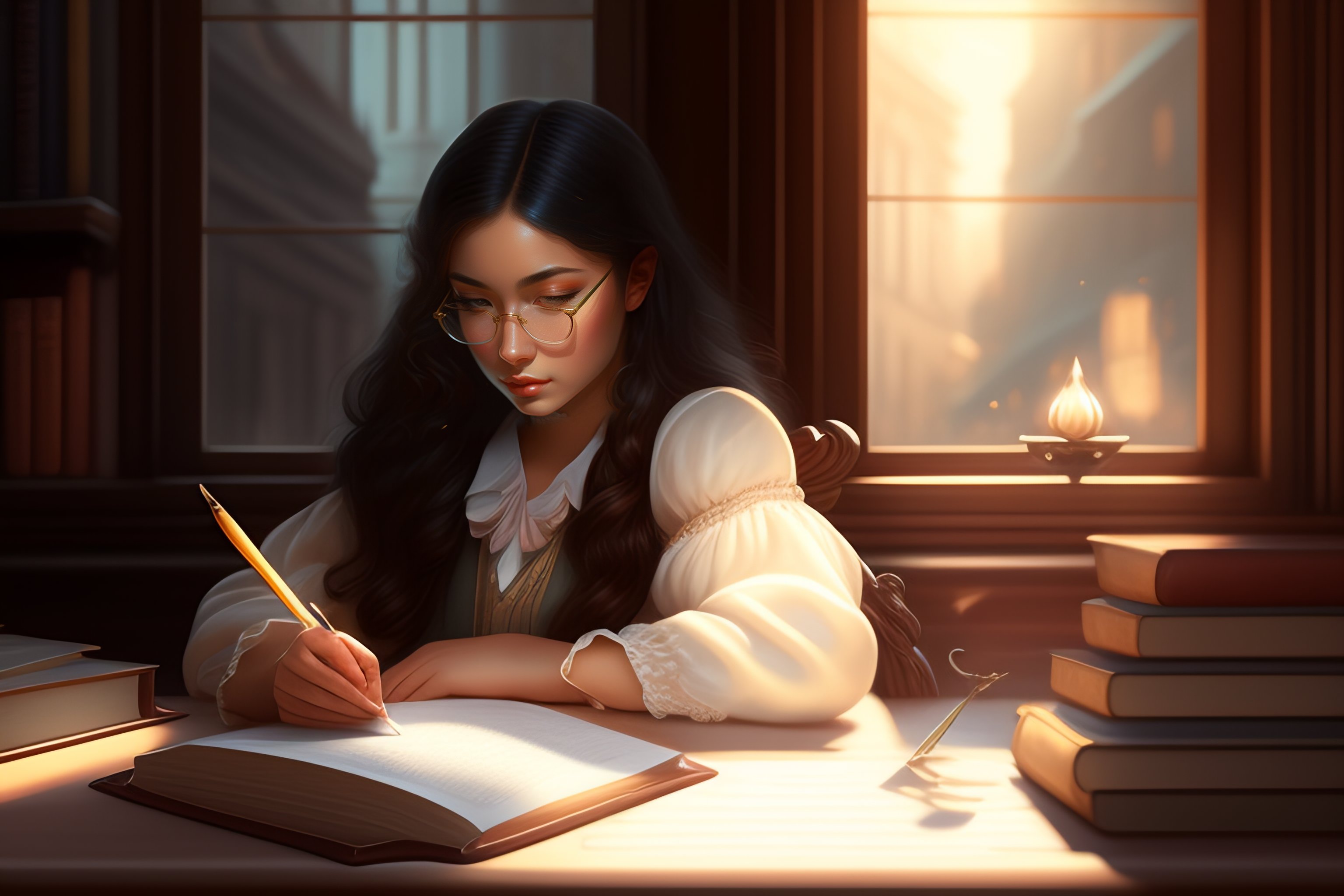 Young female writer, writing a novel, glasses, rococo furniture, window, sun rays, inkwell and quill, vintage books, very detailed, digital painting, artstation, concept art, smooth, sharp focus, illustration, art by wlop, charlie bowater and alexandra fomina
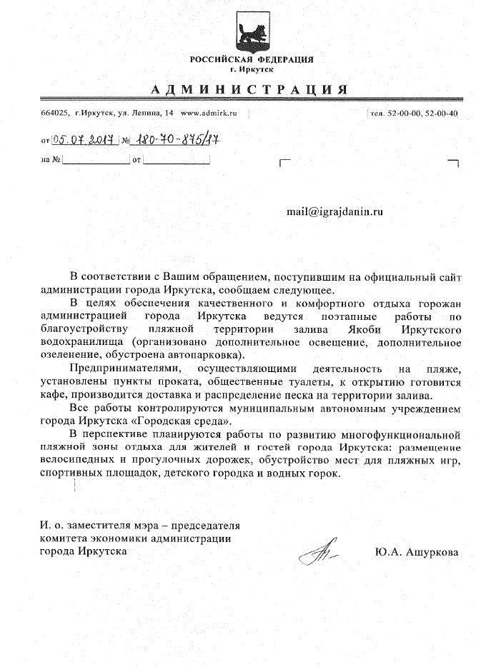 айГражданинОтправлено 26.06.2017: "Администрация города Иркутска"
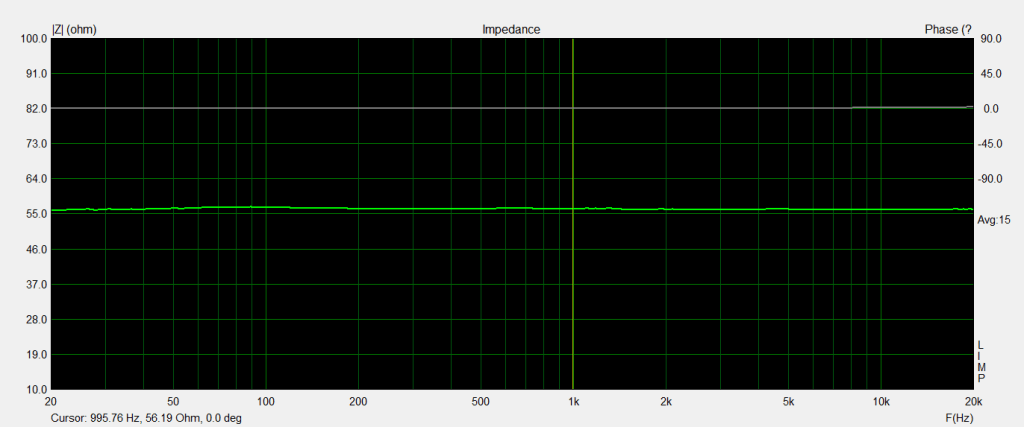 Comment: impedance curve is flat all the way, typical of planar headphones.
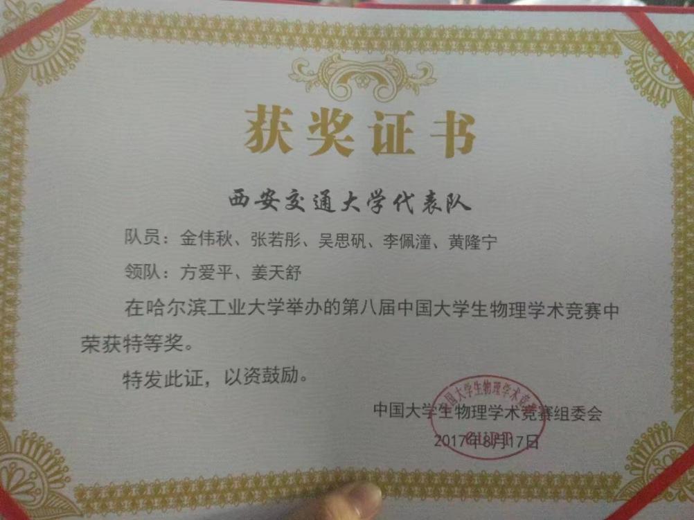 代表队参赛师生经过近10个月的精心准备与不懈努力,在竞赛中以严谨的科学态度、扎实的理论功底、巧妙的实验构思、机敏的论辩思维、默契的团队协作赢得评委专家的认可和好评,首次获得特等奖,并进入决赛,在决赛中,西安交大代表队继续发挥出色,获得第三名的历史最好成绩。金伟秋同学获“最佳反方奖”。
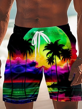 Homens Coqueiro Paisagem Plantas Tropicais Shorts de Natação Bermuda de Surf Calção de Banho Cintura Média Havaiana Férias Com Cordão Forro de malha Cintura elástica Designer Roupa

Exercise aim:
Write out the material above again, word for word, minus its pictures.

Response below:
 Young female writer, writing a novel, glasses, rococo furniture, window, sun rays, inkwell and quill, vintage books, very detailed, digital painting, artstation, concept art, smooth, sharp focus, illustration, art by wlop, charlie bowater and alexandra fomina
 айГражданинОтправлено 26.06.2017: "Администрация города Иркутска"
 Comment: impedance curve is flat all the way, typical of planar headphones.
 代表队参赛师生经过近10个月的精心准备与不懈努力,在竞赛中以严谨的科学态度、扎实的理论功底、巧妙的实验构思、机敏的论辩思维、默契的团队协作赢得评委专家的认可和好评,首次获得特等奖,并进入决赛,在决赛中,西安交大代表队继续发挥出色,获得第三名的历史最好成绩。金伟秋同学获“最佳反方奖”。
 Homens Coqueiro Paisagem Plantas Tropicais Shorts de Natação Bermuda de Surf Calção de Banho Cintura Média Havaiana Férias Com Cordão Forro de malha Cintura elástica Designer Roupa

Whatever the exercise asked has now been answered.